Hospitals in several provinces are reporting looming supply gaps for dozens of medications used in operating rooms, emergency departments and intensive care units.
While shortages of many different kinds of drugs have been occurring more frequently in the last two to three years, recent production cuts by Quebec-based generic pharmaceutical company Sandoz has created an even tighter pinch in the medication supply.
The Sandoz plant in Boucherville, Que., has stopped making a number of commonly used painkillers, antibiotics and anesthetics while it upgrades its manufacturing standards to meet concerns raised by the U.S. Food and Drug Administration.
"What you see here is we've had an interruption of the supply chain," said Dr. Robert Cushman, director general of Health Canada's Biologic and Genetic Therapies Directorate.

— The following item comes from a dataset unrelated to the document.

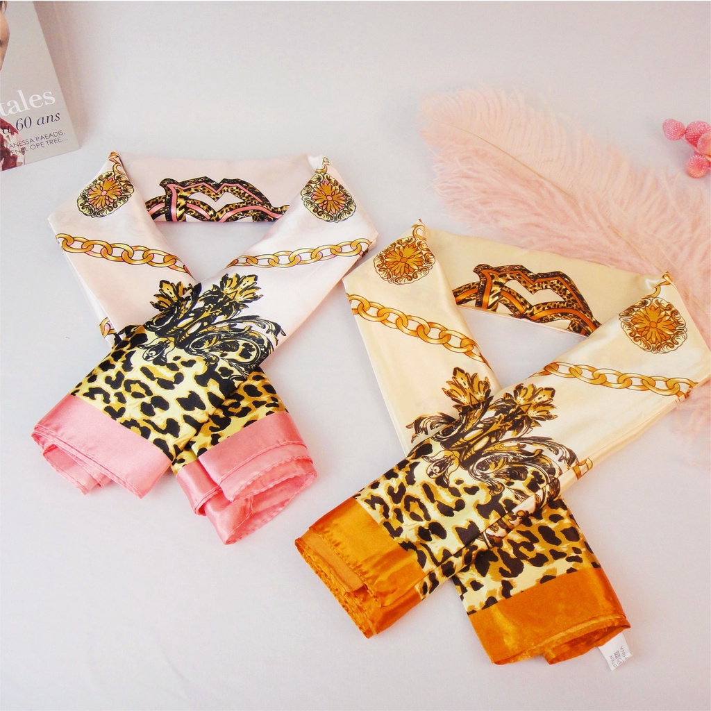 Detail 90Cm Syal Persegi Besar Wanita Sederhana Temperamen Bergaris Syal Sutra Selendang All-Match Versi Korea Serbaguna Syal Sutra Imitasi

"People want a collective solution to this. We can work with industry and the purchasers -- the provinces -- in terms of looking at alternative sources of supply... and how can we best bring them into Canada in short order," Cushman said Monday from Ottawa.
"We can clear these alternate sources of supply very quickly if they meet our standards, which we assume they will because these are known medications and our sister organizations would have probably approved them in other domains," he said, referring to the FDA and government regulatory bodies in Europe, for instance.
Mark Ferdinand, senior director of health and economic policy for Rx & D, the association of Canada's brand-name pharmaceutical companies, said Health Canada has to make critical decisions in conjunction with drug makers when it comes to alternative sources of supply.
"Sometimes the issue is we've found another plant somewhere else in the world, but they haven't been inspected by the FDA or Health Canada and so Health Canada has to decide whether they can do an accelerated review of that foreign source before they would allow that foreign source to be imported into Canada," he said.
"So it's certainly true that our members, certainly all pharmaceutical companies that find themselves in this situation, will work with Health Canada to see what can be done in order to find an alternate supply that can meet Health Canada's standards."
But exactly where these medications would come from isn't clear, given that drug shortages are occurring around the globe.
"This is not a Canadian issue," said Jeff Connell, vice-president of corporate affairs for the Canadian Generic Pharmaceutical Association, which represents about 95 per cent of the country's generic drug manufacturers. "These drug shortages have been a problem worldwide and they're far worse in the U.S."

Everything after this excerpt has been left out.